====== Record extracts
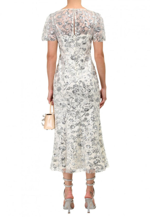 Silver Andromeda Long Sleeves Embellished Midi Dress (Pre-loved)
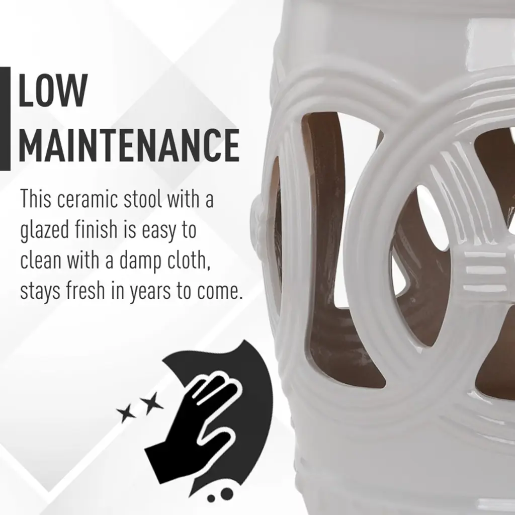 Add elegant charm to your outdoor space with this 14-inchx17-inch ceramic garden stool featuring a distinctive double coin knot design. This versatile piece serves as both a decorative patio table and functional outdoor side table, perfect for gardens, decks or poolside areas. The sturdy glass-reinforced ceramic construction ensures durability while adding artistic flair to your outdoor decor.
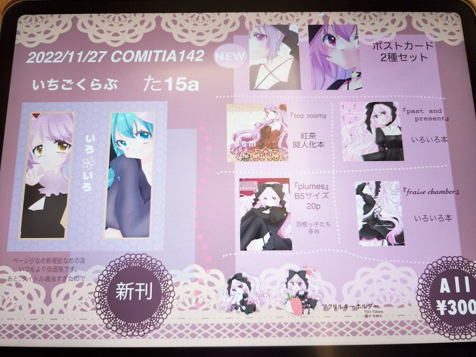明日のおしながきです。全商品300円になります。 よろしくお願いします🙇♂️ 商品お買い上げの方はスケブも受け付けておりますのでお気軽に申し出ください! #COMITIA142 #コミティア142 #コミティアお品書き
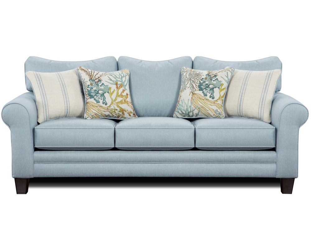 The Labyrinth Sky Sofa is a very casual to transitional styled sofa with two pairs of pillows and a coffee finish tapered leg. It also features rounded arms with loose reversible inside back cushions and loose, reversible box border welt seat cushions. The reversible cushions not only prolong the life of the fabric but also the life of the seat cores. With two sets of pillows, you can use all four together or mix and match to create different looks and feels. One of our most popular styles, Labyrinth Sky, will be the talk of your neighborhood. Due to lighting and monitor differences, actual colors and finishes may vary slightly from what appears online. In stock for immediate shipment.
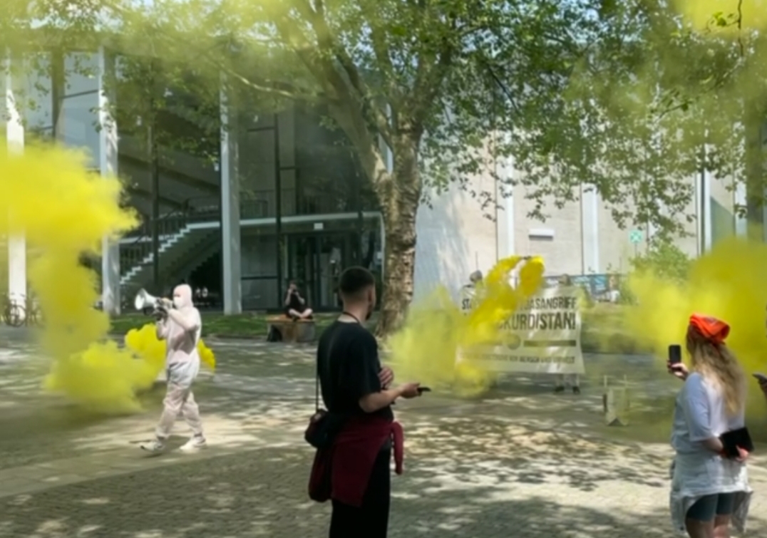 HAMBURG – “Antikapitalistisches Klimatreffen Hamburg” adında bir grup çevre aktivisti Hamburg üniversitesinde işgalci Türk devletinin Güney Kürdistan saldırılarına karşı eylem yaptı.
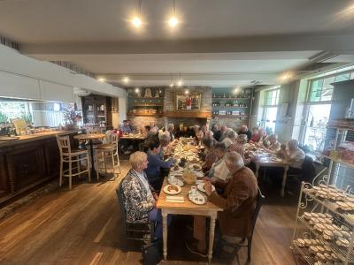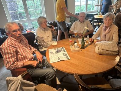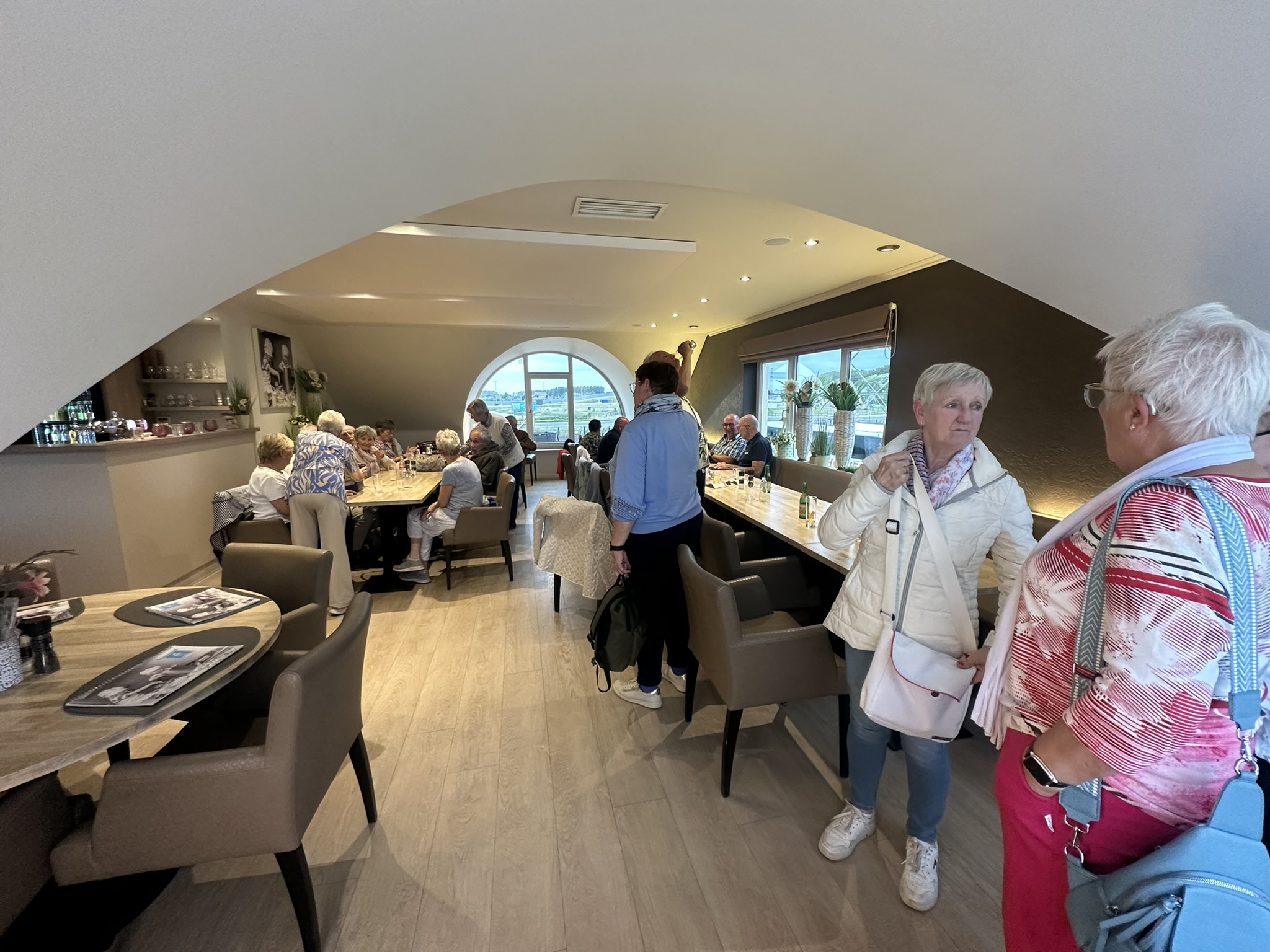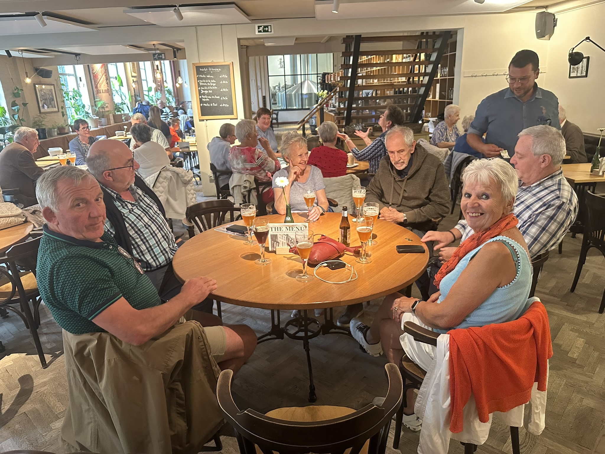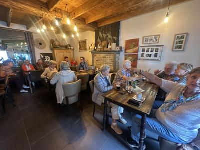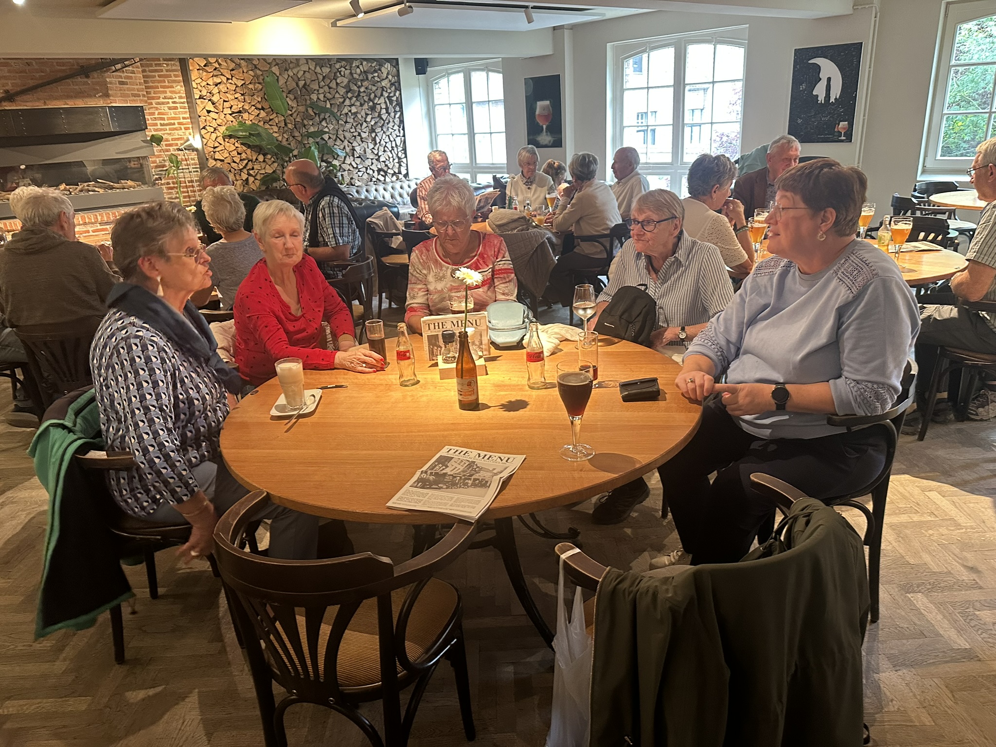 ’s Middags brengt de bus ons naar Oostkerke, waar we genieten van een warme lunch. Op de menu staat vol au vent met sla en frietjes en een dame blanche als dessert.
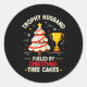Trophy Retro Husband Fueled By Christmas Tree Cake Classic Round Sticker
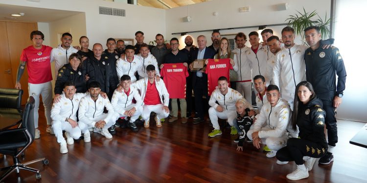 El alcalde del Ayuntamiento de Eivissa, Rafael Triguero, y la concejala de Deportes, Ana Ferrer, han recibido hoy en Can Botino al CD Ibiza para felicitar personalmente al club por ganar el campeonato de la categoría de la 3ª RFEF y lograr el anhelado ascenso a Segunda RFEF.
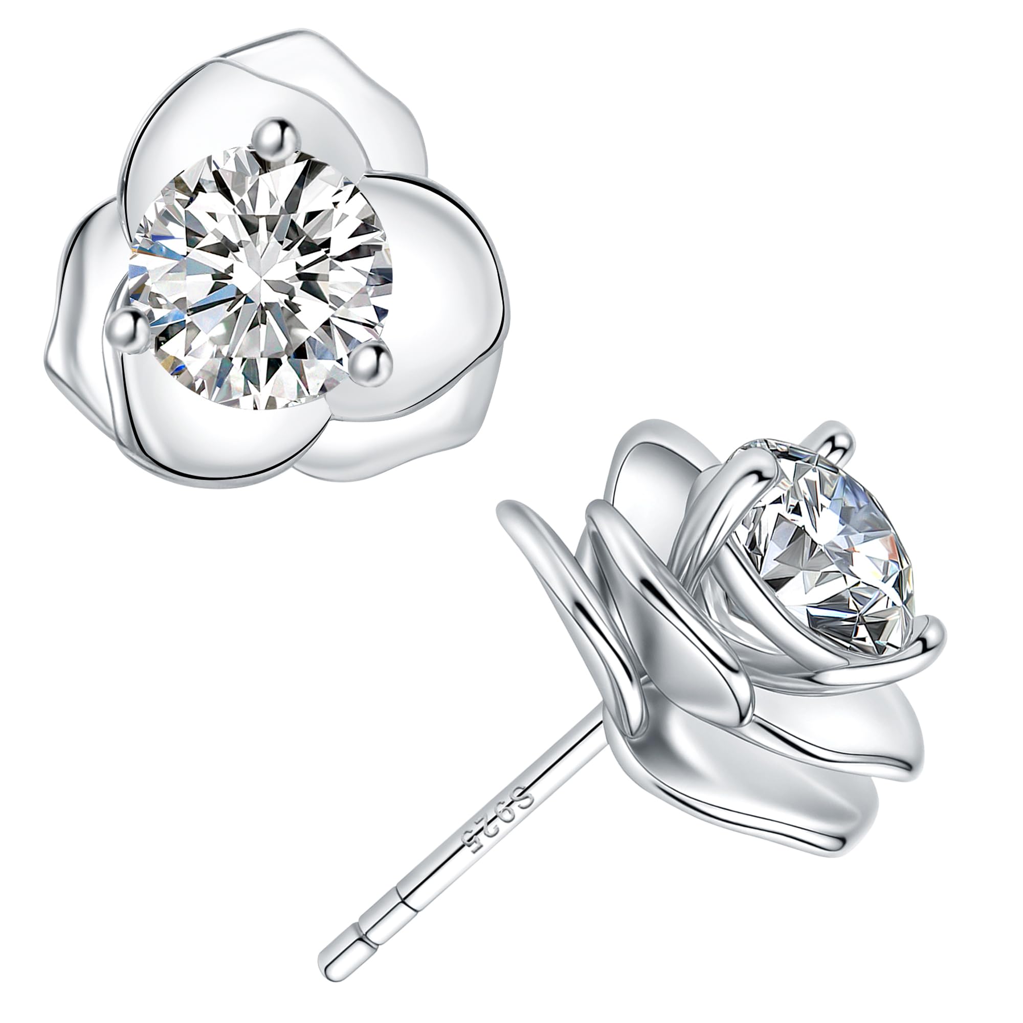 Impalsory Aretes tipo dormilona con rosa de moissanita, plata esterlina chapada en oro de 18 quilates, joyería floral hipoalergéni
============
** Requirement **
Look above for the line containing "Add elegant charm", then copy exactly from it through the line containing "#COMITIA142 #コミティア142 #コミティアお品書き", keeping both and leaving out pictures. Add nothing else.

** Result for this task **
 Add elegant charm to your outdoor space with this 14-inchx17-inch ceramic garden stool featuring a distinctive double coin knot design. This versatile piece serves as both a decorative patio table and functional outdoor side table, perfect for gardens, decks or poolside areas. The sturdy glass-reinforced ceramic construction ensures durability while adding artistic flair to your outdoor decor.
明日のおしながきです。全商品300円になります。 よろしくお願いします🙇♂️ 商品お買い上げの方はスケブも受け付けておりますのでお気軽に申し出ください! #COMITIA142 #コミティア142 #コミティアお品書き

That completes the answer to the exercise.